Uno de los principales factores que condiciona el éxito de las cubiertas vegetales es la dormancia o latencia de las semillas. En algunas especies de Lupinus, la cubierta seminal es dura e impermeable, impide la entrada de agua y retrasa la germinación durante semanas o incluso meses.
Durante el proyecto se analizaron 50 genotipos pertenecientes a L. angustifolius, L. luteus y L. albus, evaluando el tiempo necesario para iniciar la germinación y su capacidad de establecimiento. Los resultados demostraron que una germinación rápida no siempre garantiza un buen desarrollo posterior, ya que las variedades con menor dormancia no siempre originan plántulas más vigorosas. Por ello, la selección debe considerar tanto la velocidad de germinación como la capacidad de adaptación a condiciones ambientales variables.
Además de las características de la semilla, el proyecto analizó la influencia de distintos tipos de suelo y niveles de pH sobre la germinación. Los modelos lineales mixtos identificaron interacciones significativas entre la especie y las condiciones edáficas, con diferencias de adaptación de entre un 20 % y un 80 % según la combinación de genotipo y suelo. Los genotipos de L. albus y L. luteus destacaron por su adaptación consistente a diferentes condiciones edáficas, confirmando que la interacción entre genética y suelo resulta decisiva para el establecimiento de las cubiertas vegetales.

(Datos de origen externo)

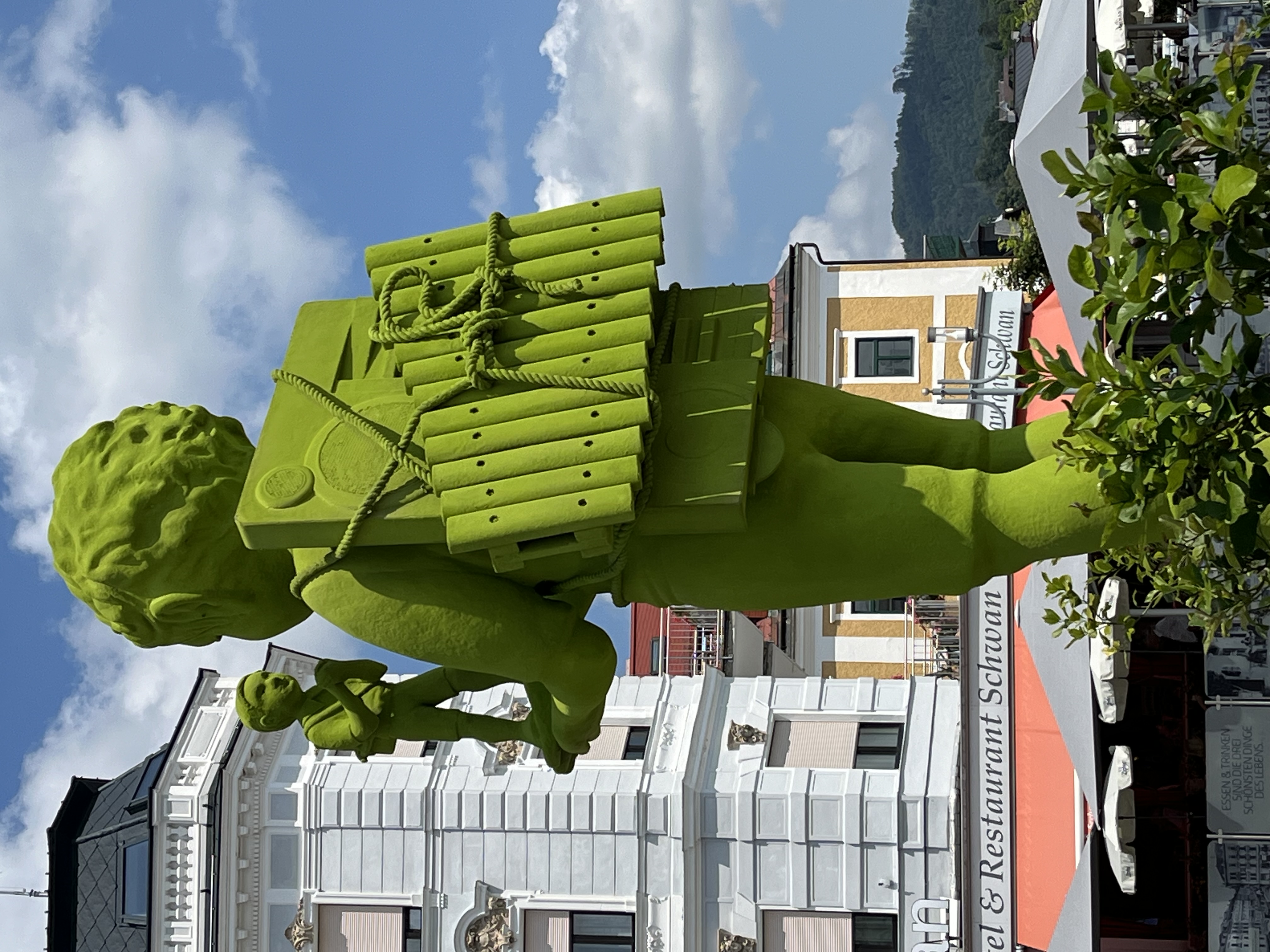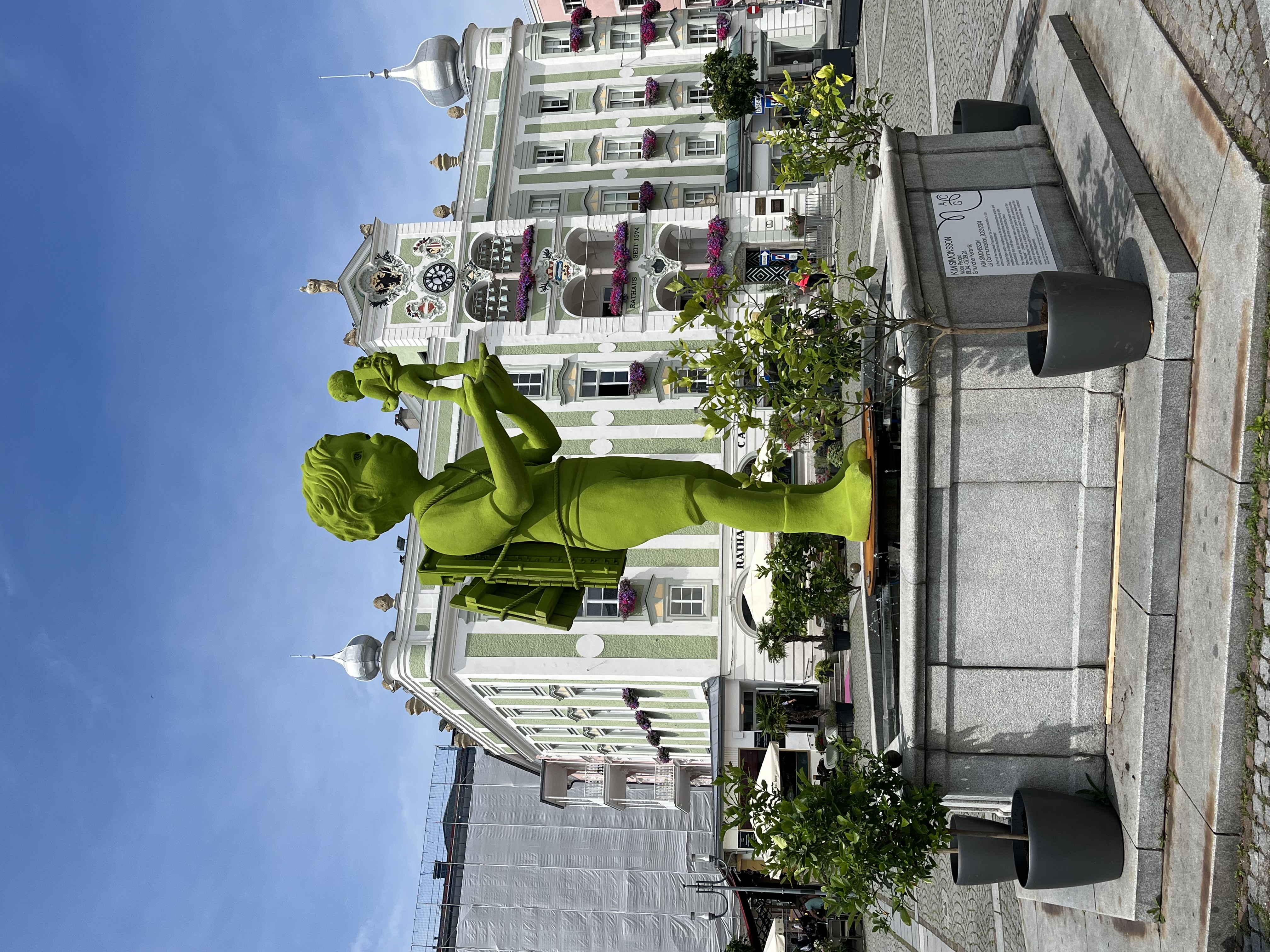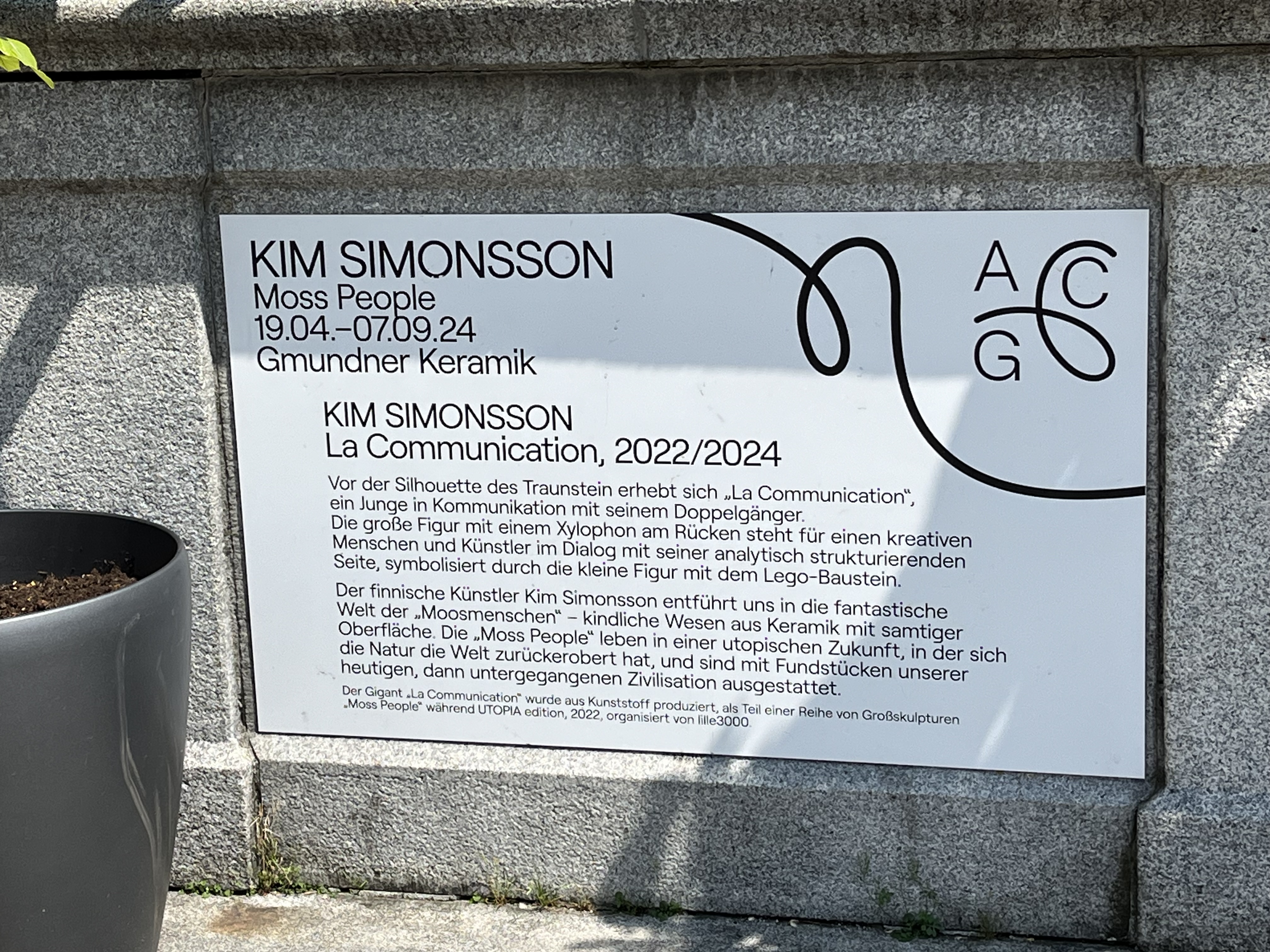 Vor der Silhouette des Traunstein erhebt sich auf dem Brunnen am Rathausplatz in Gmunden "La Communication", ein Junge in Kommunikation mit seinem Doppelgänger. Die grosse Figur mit einem Xylophon am Rücken steht für einen kreativen Menschen und Künstler im Dialog mit seiner analytisch strukturierenden Seite, symbolisiert durch die kleine Figur mit dem Lego-Baustein. Der Gigant "La Communication" wurde aus Kunststoff produziert, als Teil einer Reihe von Grossskulpturen für die Ausstellung "Moss People".

Estos avances tienen una repercusión directa sobre la sostenibilidad de la agricultura mediterránea. Un establecimiento más eficiente de cubiertas vegetales de invierno en cultivos como los cítricos ayuda a conservar el suelo, reducir la erosión, favorecer la infiltración del agua, incrementar la biodiversidad y mejorar la fertilidad del terreno. Además, el uso de leguminosas adaptadas a cada ambiente reduce la dependencia de fertilizantes nitrogenados industriales, disminuye los costes de producción y la huella ambiental, al tiempo que refuerza la resiliencia de los sistemas agrarios frente al cambio climático.
En definitiva, el trabajo del Grupo Operativo MAXI-CoberLEG demuestra cómo la investigación aplicada puede ofrecer soluciones innovadoras para una agricultura mediterránea más sostenible. La selección de genotipos de Lupinus adaptados a las condiciones edáficas mejora el establecimiento de las cubiertas vegetales, optimiza el uso de los recursos naturales y fortalece la capacidad de los sistemas agrícolas para afrontar los efectos del cambio climático. Así, la colaboración entre ciencia y sector agrario contribuye de forma práctica al cumplimiento de los Objetivos de Desarrollo Sostenible.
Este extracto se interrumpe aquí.